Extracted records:
........

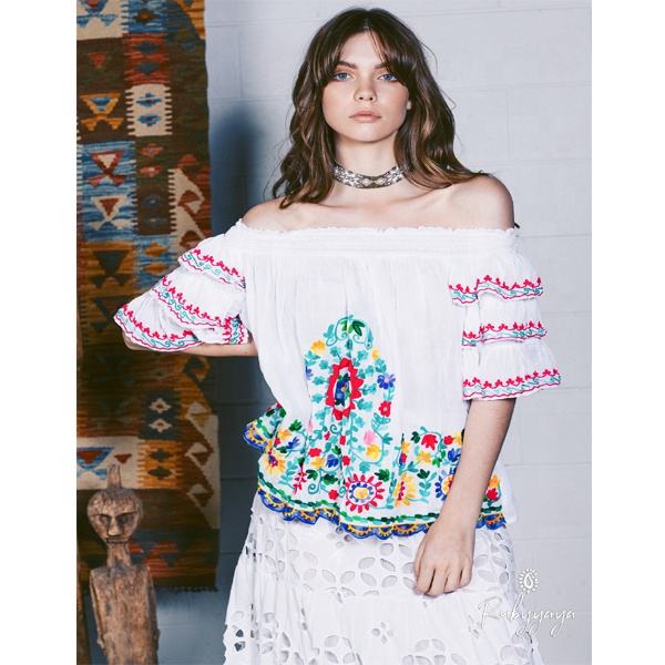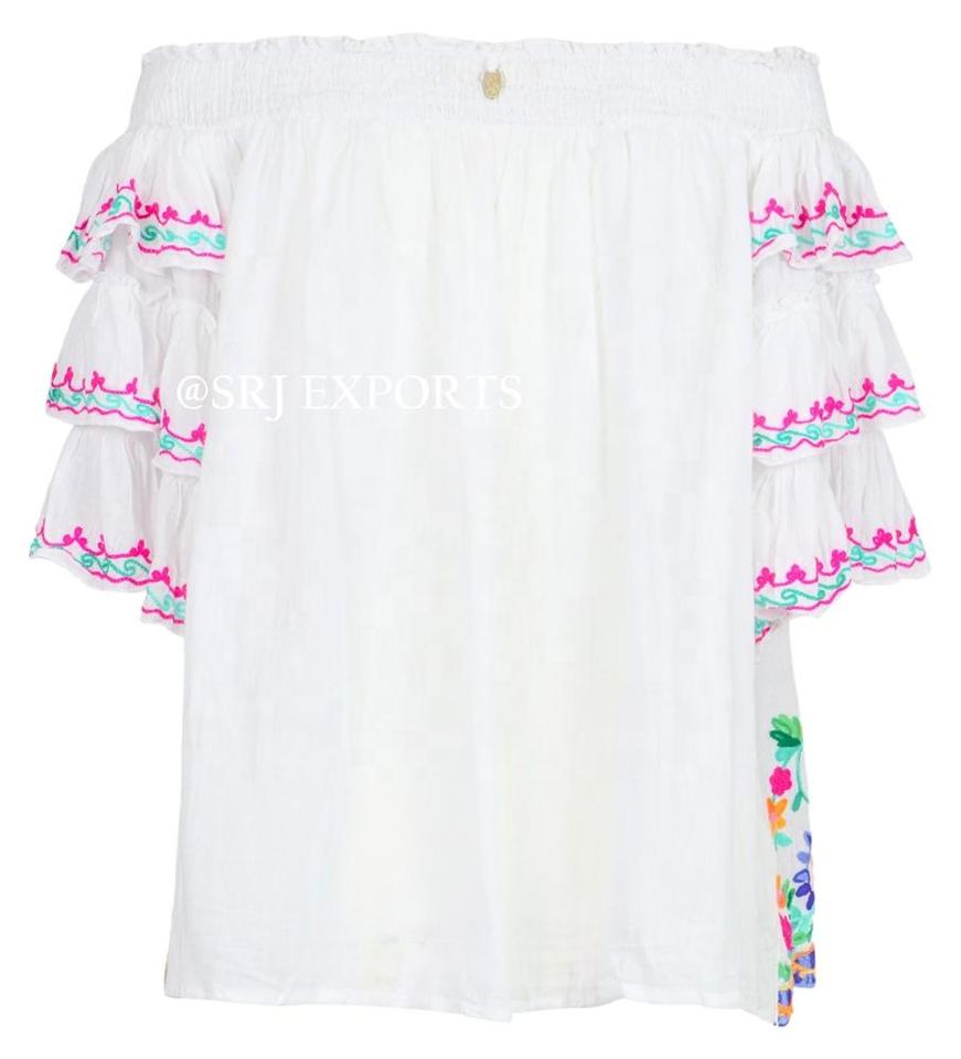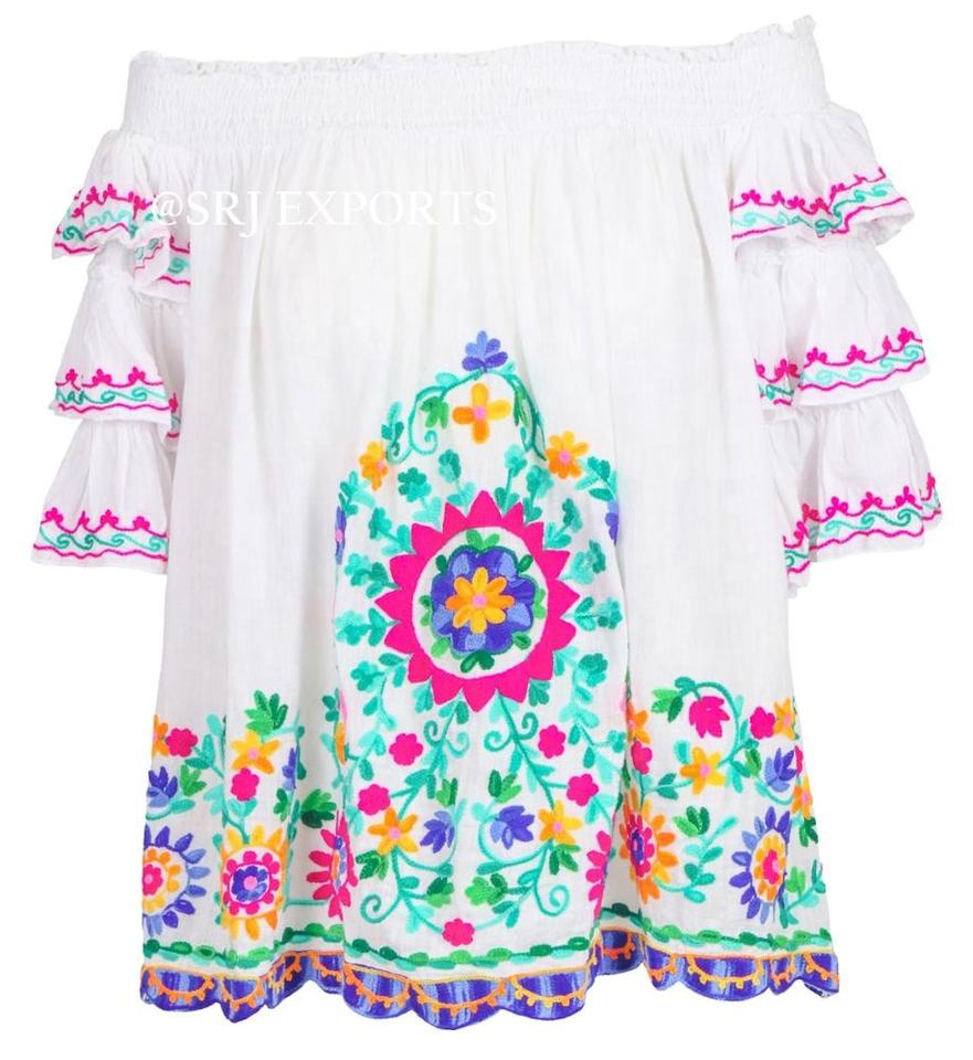 Top à épaules dénudées en coton 100% avec un design élégant et sexy, bande élastique large, broderie colorée magnifique, manches à volants larges
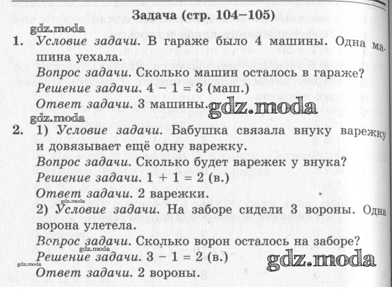 ОТВЕТ на задание № 104 Учебник по Математике 1 класс Дорофеев Перспектива
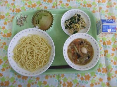 牛乳・チキンカレーライス・ゆで野菜のごまサラダ・デコポン・だいず小魚
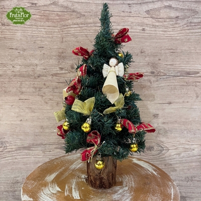 Enfeite de natal, mini árvore de natal com base de madeira.
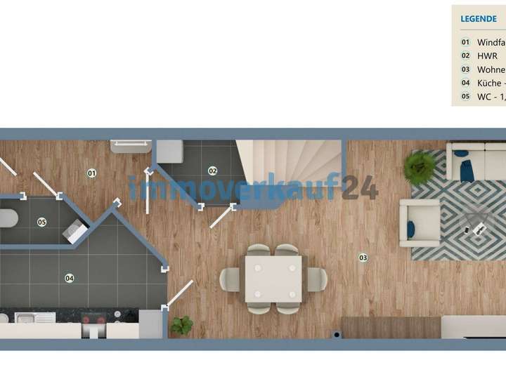 Auf ca. 42,70 m² Wohnfläche im Erdgeschoss befindet sich der großzügig gestaltete Wohn- und Essbereich, welcher den Lebensmittelpunkt der Familie darstellt und unmittelbaren Zugang zu Terrasse und Garten bietet. Ergänzt wird diese Ebene durch eine moderne Küchenzeile, einen clever unter der Treppe platzierten Hauswirtschaftsraum mit integrierter Gebäudetechnik sowie ein separates Gäste-WC.
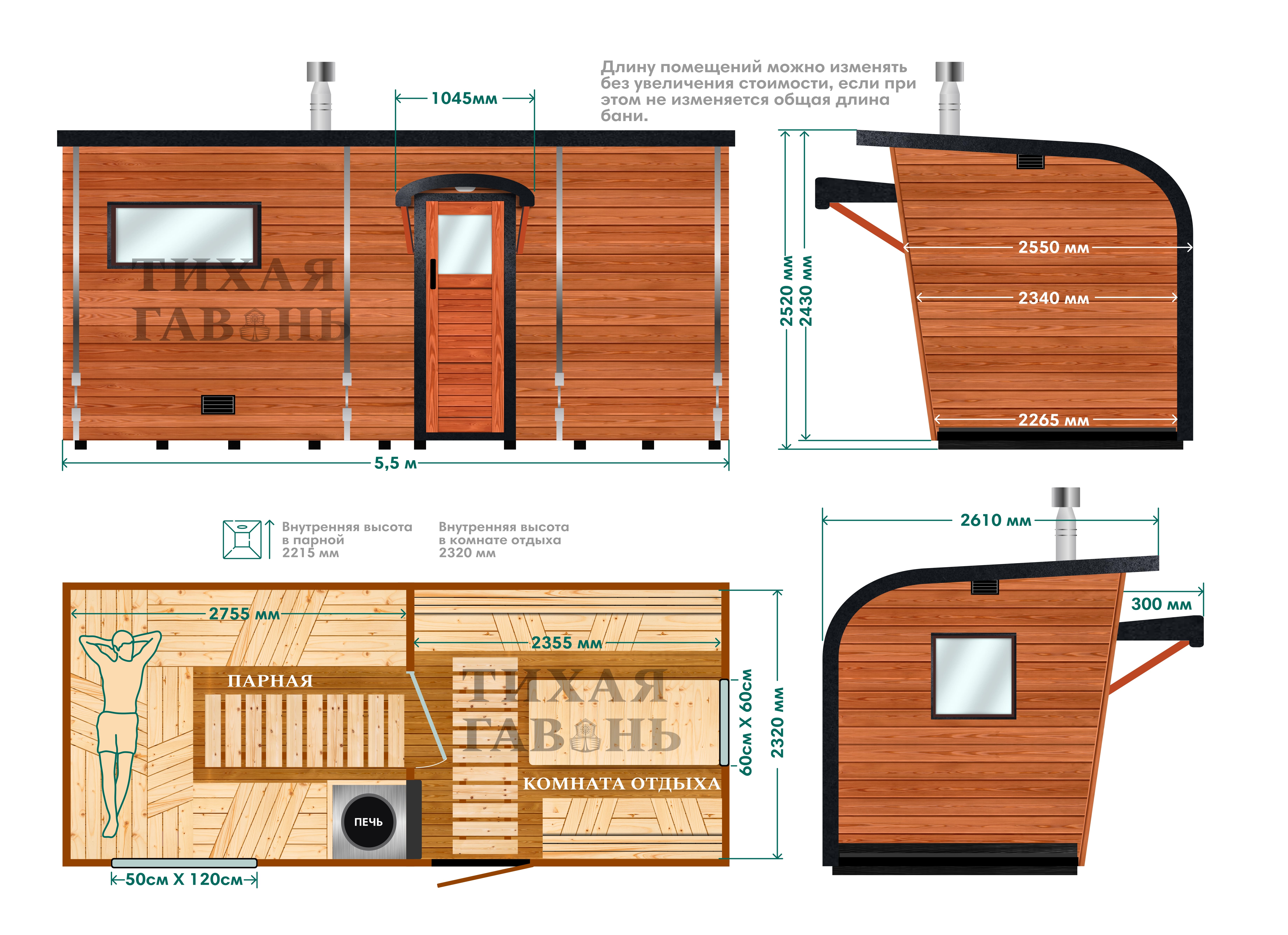 В базовой комплектации ровный пол пропитывается яхтным лаком в 2 слоя, а в парной применяется специальная пропитка для бань и саун — также в 2 слоя.
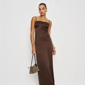 Reformation Frankie Dress. Sleek and stylish maxi dress. Luxurious satin fabric. Perfect for evening wear. only worn one! has a slit in the back.
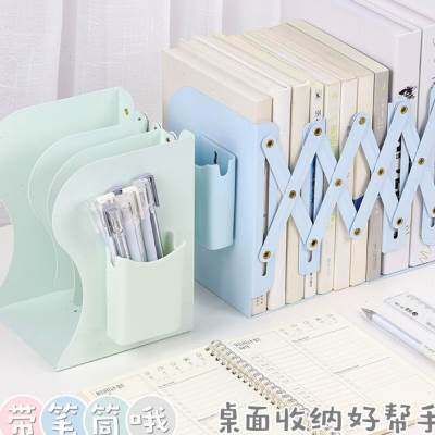 可伸缩金属书立带笔筒书架桌面书本折叠固定书本收纳架一体挡板书夹立架小学生用桌上初高中生创意放书收缩架
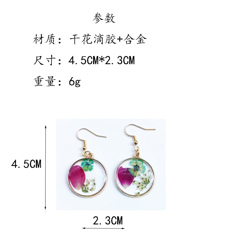 新款热卖夏季耳环耳饰干花耳坠鲜花耳饰永生花耳钉春天花朵耳饰品
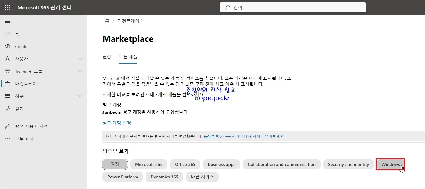 모든 제품 화면에서, 범주별 보기 > 'Windows' 를 클릭 합니다.

........

• TASK DETAILS: Pictures stay out. Print the lines of the records above exactly, from the first through the one with "Auf ca. 42,70".

• ANSWER BOX:
 Top à épaules dénudées en coton 100% avec un design élégant et sexy, bande élastique large, broderie colorée magnifique, manches à volants larges
 ОТВЕТ на задание № 104 Учебник по Математике 1 класс Дорофеев Перспектива
 牛乳・チキンカレーライス・ゆで野菜のごまサラダ・デコポン・だいず小魚
 Enfeite de natal, mini árvore de natal com base de madeira.
 Auf ca. 42,70 m² Wohnfläche im Erdgeschoss befindet sich der großzügig gestaltete Wohn- und Essbereich, welcher den Lebensmittelpunkt der Familie darstellt und unmittelbaren Zugang zu Terrasse und Garten bietet. Ergänzt wird diese Ebene durch eine moderne Küchenzeile, einen clever unter der Treppe platzierten Hauswirtschaftsraum mit integrierter Gebäudetechnik sowie ein separates Gäste-WC.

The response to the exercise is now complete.